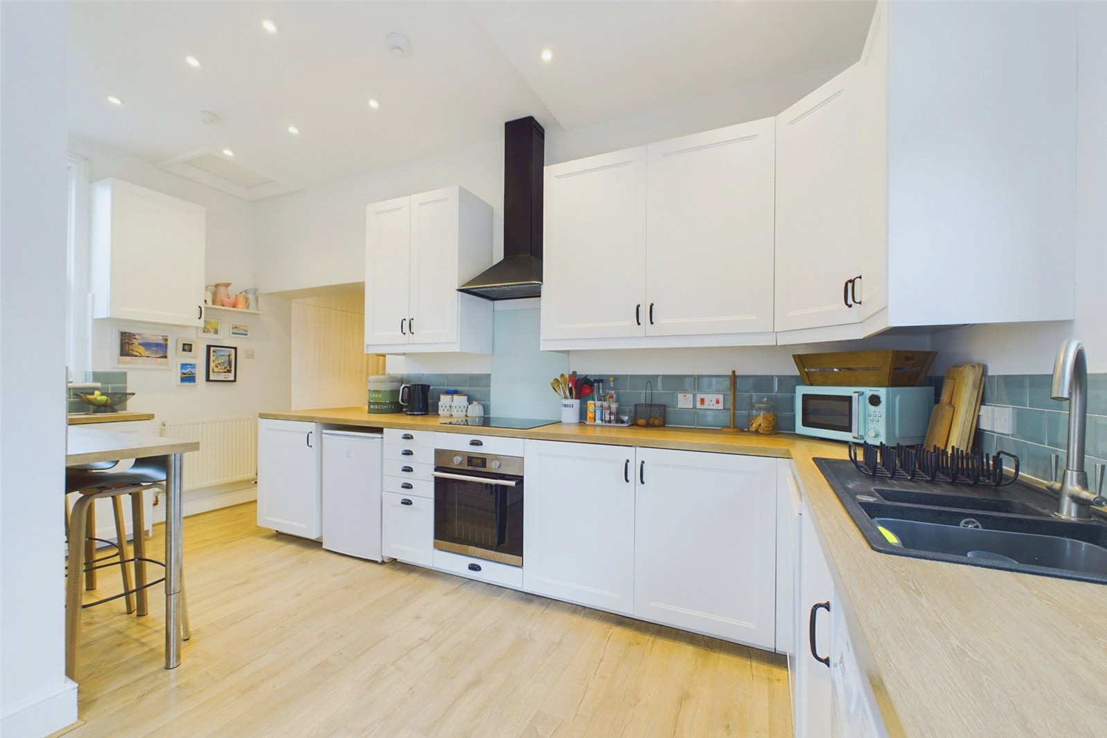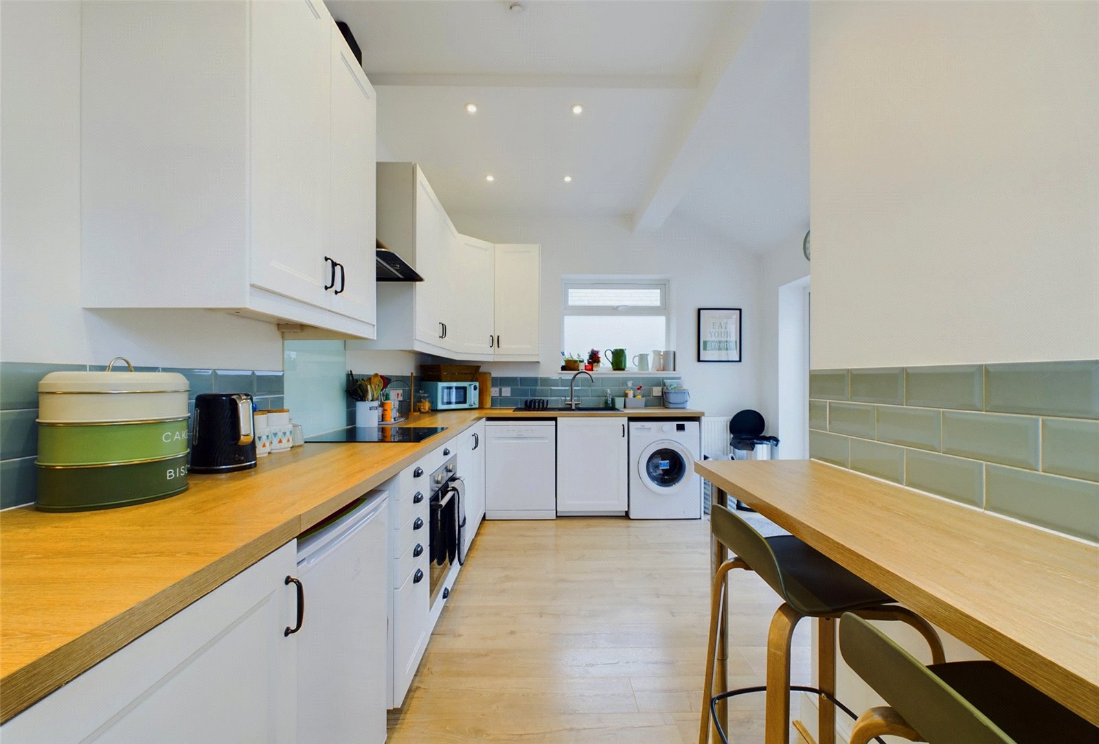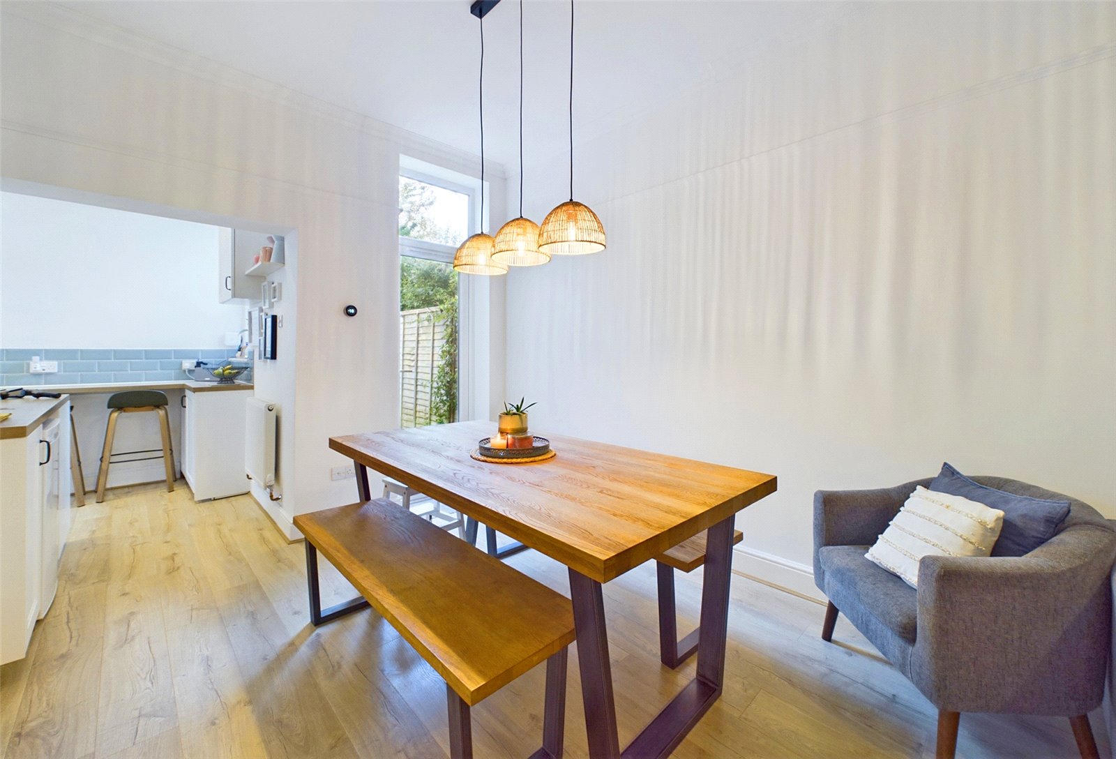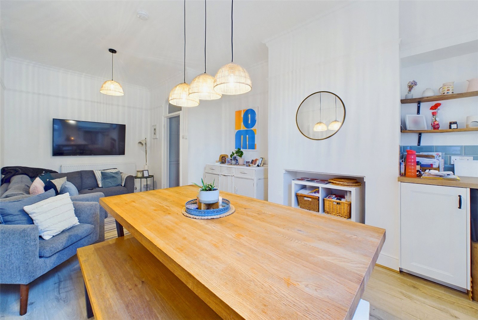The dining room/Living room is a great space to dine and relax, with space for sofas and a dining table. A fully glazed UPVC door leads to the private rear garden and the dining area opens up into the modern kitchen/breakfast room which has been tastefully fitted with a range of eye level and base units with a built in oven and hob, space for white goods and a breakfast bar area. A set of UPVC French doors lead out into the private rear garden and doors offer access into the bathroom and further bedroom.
- - -
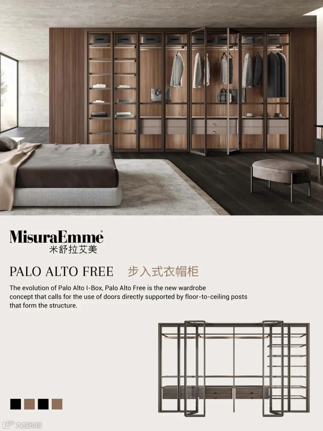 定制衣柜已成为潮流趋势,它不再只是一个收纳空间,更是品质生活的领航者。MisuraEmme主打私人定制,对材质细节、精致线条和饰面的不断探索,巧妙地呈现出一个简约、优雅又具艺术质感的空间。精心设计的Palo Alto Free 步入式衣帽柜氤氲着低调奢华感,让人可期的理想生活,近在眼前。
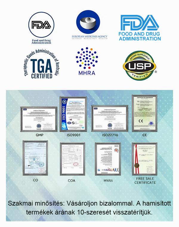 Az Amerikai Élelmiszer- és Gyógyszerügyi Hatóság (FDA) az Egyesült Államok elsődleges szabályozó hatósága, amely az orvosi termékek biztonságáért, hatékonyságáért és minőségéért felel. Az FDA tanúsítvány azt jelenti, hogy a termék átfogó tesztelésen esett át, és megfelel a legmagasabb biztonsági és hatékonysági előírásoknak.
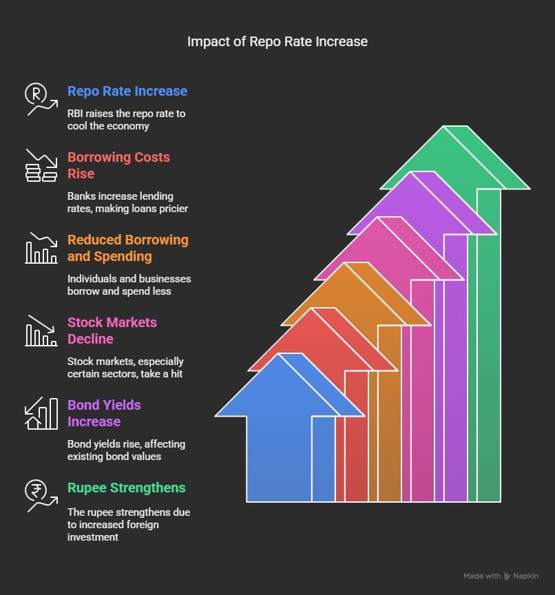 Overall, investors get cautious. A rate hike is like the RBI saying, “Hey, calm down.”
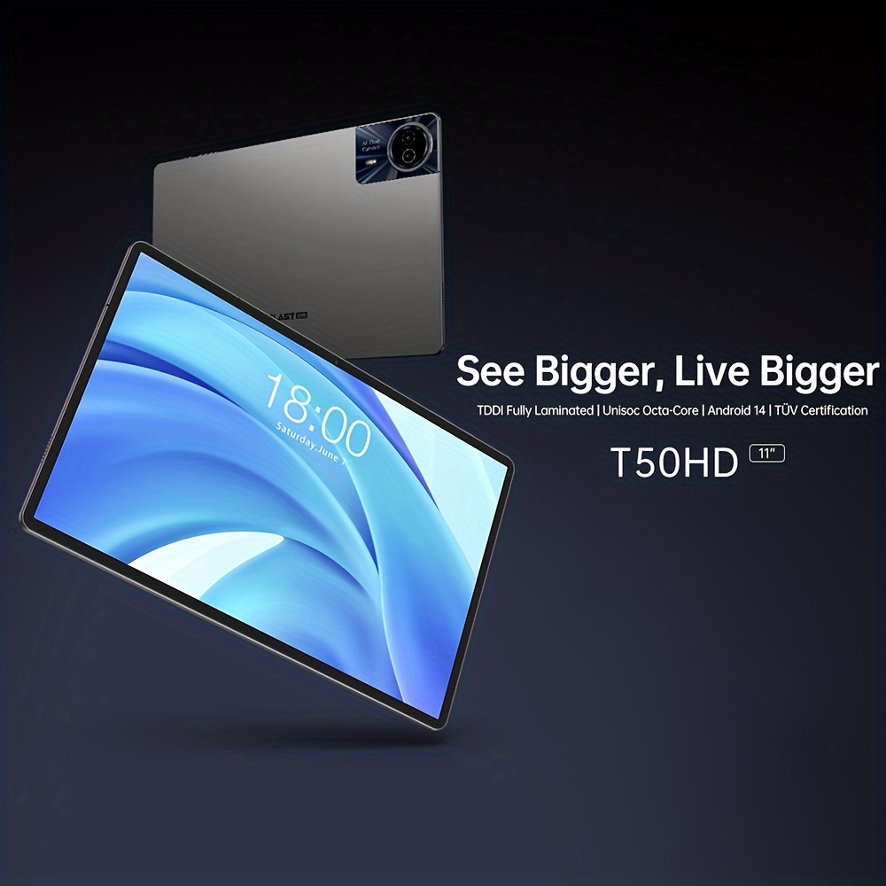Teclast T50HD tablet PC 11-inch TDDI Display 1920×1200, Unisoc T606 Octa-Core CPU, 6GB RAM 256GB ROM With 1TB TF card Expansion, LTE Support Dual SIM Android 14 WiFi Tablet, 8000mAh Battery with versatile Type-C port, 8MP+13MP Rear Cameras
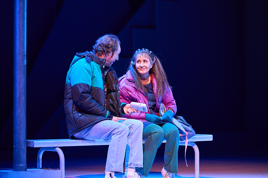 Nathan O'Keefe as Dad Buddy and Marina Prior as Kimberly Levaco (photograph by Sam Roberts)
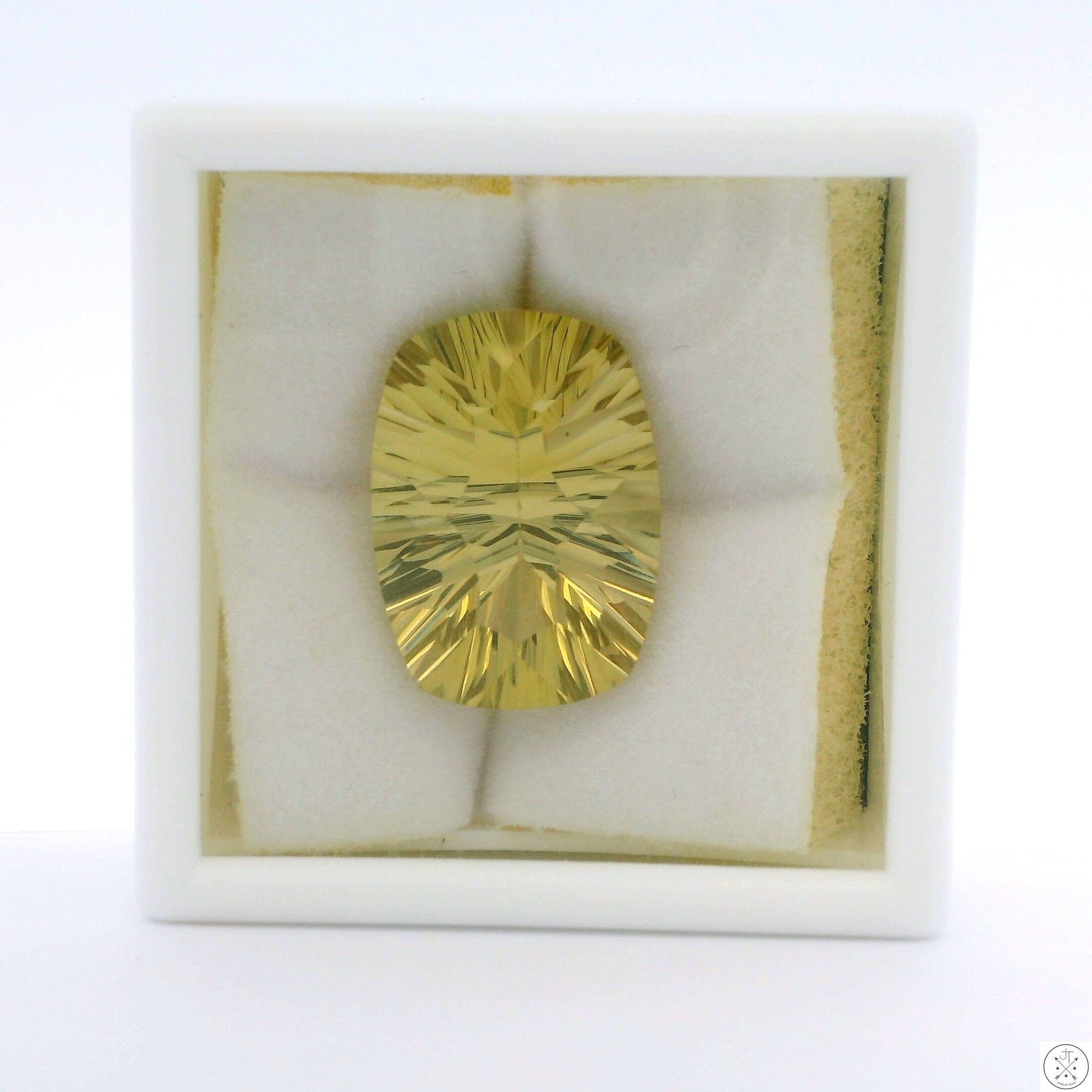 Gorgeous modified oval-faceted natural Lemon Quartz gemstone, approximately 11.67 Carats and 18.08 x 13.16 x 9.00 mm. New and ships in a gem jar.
- - -
Work instructions: In the listing above, find the line holding "Az Amerikai Élelmiszer- és" and the line holding "Gorgeous modified oval-faceted". Reproduce those two lines and all between them exactly, leaving out pictures.

Exercise answer:
 Az Amerikai Élelmiszer- és Gyógyszerügyi Hatóság (FDA) az Egyesült Államok elsődleges szabályozó hatósága, amely az orvosi termékek biztonságáért, hatékonyságáért és minőségéért felel. Az FDA tanúsítvány azt jelenti, hogy a termék átfogó tesztelésen esett át, és megfelel a legmagasabb biztonsági és hatékonysági előírásoknak.
 Overall, investors get cautious. A rate hike is like the RBI saying, “Hey, calm down.”
Teclast T50HD tablet PC 11-inch TDDI Display 1920×1200, Unisoc T606 Octa-Core CPU, 6GB RAM 256GB ROM With 1TB TF card Expansion, LTE Support Dual SIM Android 14 WiFi Tablet, 8000mAh Battery with versatile Type-C port, 8MP+13MP Rear Cameras
 Nathan O'Keefe as Dad Buddy and Marina Prior as Kimberly Levaco (photograph by Sam Roberts)
 Gorgeous modified oval-faceted natural Lemon Quartz gemstone, approximately 11.67 Carats and 18.08 x 13.16 x 9.00 mm. New and ships in a gem jar.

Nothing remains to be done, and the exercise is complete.